ActualScan is a smart (analytic) Web search engine with infinitely sortable results. It focuses on informative and niche websites, online discussions and articles. It's good for exploring what people have to say about any topic. Read more on the visions for social indexing and analytic results on the blog.

ActualScan is free software (AGPL v3): you can run your own instance and review and modify the code, as long as you also make the source available to users.

Currently indexing should work decently on many Wordpress sites, some media and forums sites, and Reddit (optional: you have to use your own Reddit API key).

You can follow the blog with the email newsletter or RSS. Also see the contributing info at the end.

Technical overview

Under the hood ActualScan is a bunch of services written in Python, Java and some Common Lisp. The whole stack is provided with two orchestration schemes, Docker Compose and Ansible.

Docker Compose is intended for testing and developing ActualScan code on your local machine. We try to include as much of production-like network security (TLS etc.) as possible, to test that everything works, but overall this version is not intended for serious production use.

The Ansible version, on the other hand, should offer a relatively plug-and-play experience where you provide your servers and get a search engine. Due to some recent serious changes in the stack, and apparently changes in RedHat's CentOS support guarantees, this is currently not up to date. It is possible to go fully Ansible in the future, but then we would require using virtual machines for local development.

Important note: only for sites' search pages, the crawler ignores robots.txt (the unofficial standard for telling crawlers what to crawl).

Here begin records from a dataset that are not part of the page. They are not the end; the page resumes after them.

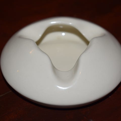 Sinisen tuhkakupin korkeus on 5 cm ja leveys 13 cm. Kuppi on ollut Arabian tuotannossa 1950- ja 1960-luvun vaihteessa. Leima puuttuu.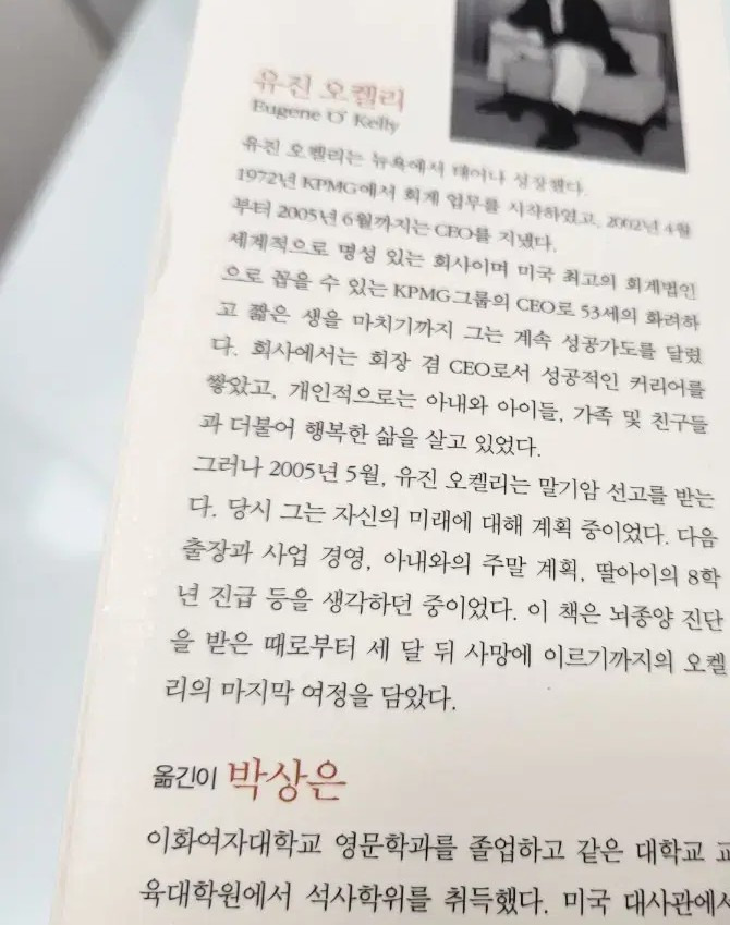 책의 후반부로 갈수록 오켈리는 자신에게 닥친 죽음을 두려움이 아닌 삶을 되돌아볼 수 있는 기회로 받아들입니다.
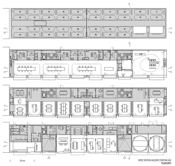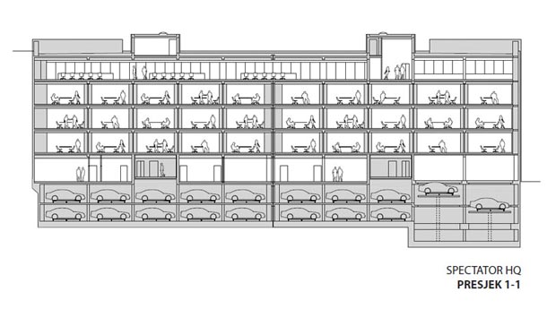 Uvodne napomene – Zadatak ovog projekta bio je preoblikovanje postojećeg projekta (rekonstrukcije zatečene zgrade na parceli) za sjedište Spectator Grupe. U trenutku početka angažmana otvoreno je gradilište, te su započeti radovi iskapanja i zaštite građevinske jame, što je odredilo karakter projekta. Prethodno projektirani armirano-betonski skeletni sistem je zadržan, a modifikacije u konstruktivnom sistemu vezane su za jezgre stubišta. Ideja/metodologija rada bila je zadržati projektirano stanje konstruktivnih elemenata u što većoj mogućoj mjeri, a intervenirati laganim konstrukcijama.

This is unlikely to get you into any trouble if you play with ActualScan casually on a local machine: but consider yourself warned. In the future there will be config option to disable this. This is done because website owners are likely not to predict our use case when blocking robots specifically from their search pages. (Search pages are useless for most existing crawlers and search engines.) If sites (also) block their content pages from robots, we won't save or index them anyway.

List of services (architecture overview)

A guide to exploring the code if you want. The list goes by the Docker Compose container names.

  • Website: a Django project, at python_modules/ascan. The scan package (app) contains the main search interface and classes for controlling crawling/scanning process. The manager package contains user interface for managing sites, tags and other entities. The bg package is for everything else, like user profiles, autocomplete etc. This partitioning scheme isn't ideal, but a replacement would have to be clearly better and for the long term.
  • Maintenance daemon: a constant worker supervising scans (starting, finishing...), sending WebSocket updates etc. The code is in python_modules/ascan/maintenance.py
  • Speechtractor: a Lisp HTTP service used by the crawler. Gets raw HTML, extracts parsed text, URLs, author info and such. The code is in lisp/speechtractor. The continued use of Common Lisp is not certain. It has been already abandoned for Omnivore; the reasoning with pros and cons may appear on the blog at some point.
  • Omnivore2: a Python service used by the crawler and working on the index in the background. It gets the articles, parses them with spaCy, splits them into a-couple-sentences chunks loosely called "periods", and applies various text analytics. The texts are then annotated with this info in Solr and it can be used freely for sorting results. The code lives in python_modules/omnivore2.
  • A StormCrawler-based crawler (the zookeeper, nimbus and other Storm cluster members): this does the actual crawling and fetching pages with reasonable politeness. The process is tightly controlled and monitorable from the website through objects stored in PostgreSQL. The relevant Storm topology code lives in java/generalcrawl. There used to exist a convoluted Scrapy spider for this which became unworkable. Not all functionality has been ported, which is a big priority now.
  • Redditscrape: a PRAW-based script, working continuously in parallel to the regular Web crawler. It uses Reddit API instead of HTML scraping. The code is in python_modules/ascan/reddit_scraper.py.
  • The Selenium instance. This is needed for parsing pages relying on JavaScript, especially search pages. Currently not used because the relevant crawler code needs to be ported from the old Scrapy spider.
  • The databases: Solr for storing and searching web pages, Redis for some ephemeral flags and data used by Python code, PostgreSQL for everything else.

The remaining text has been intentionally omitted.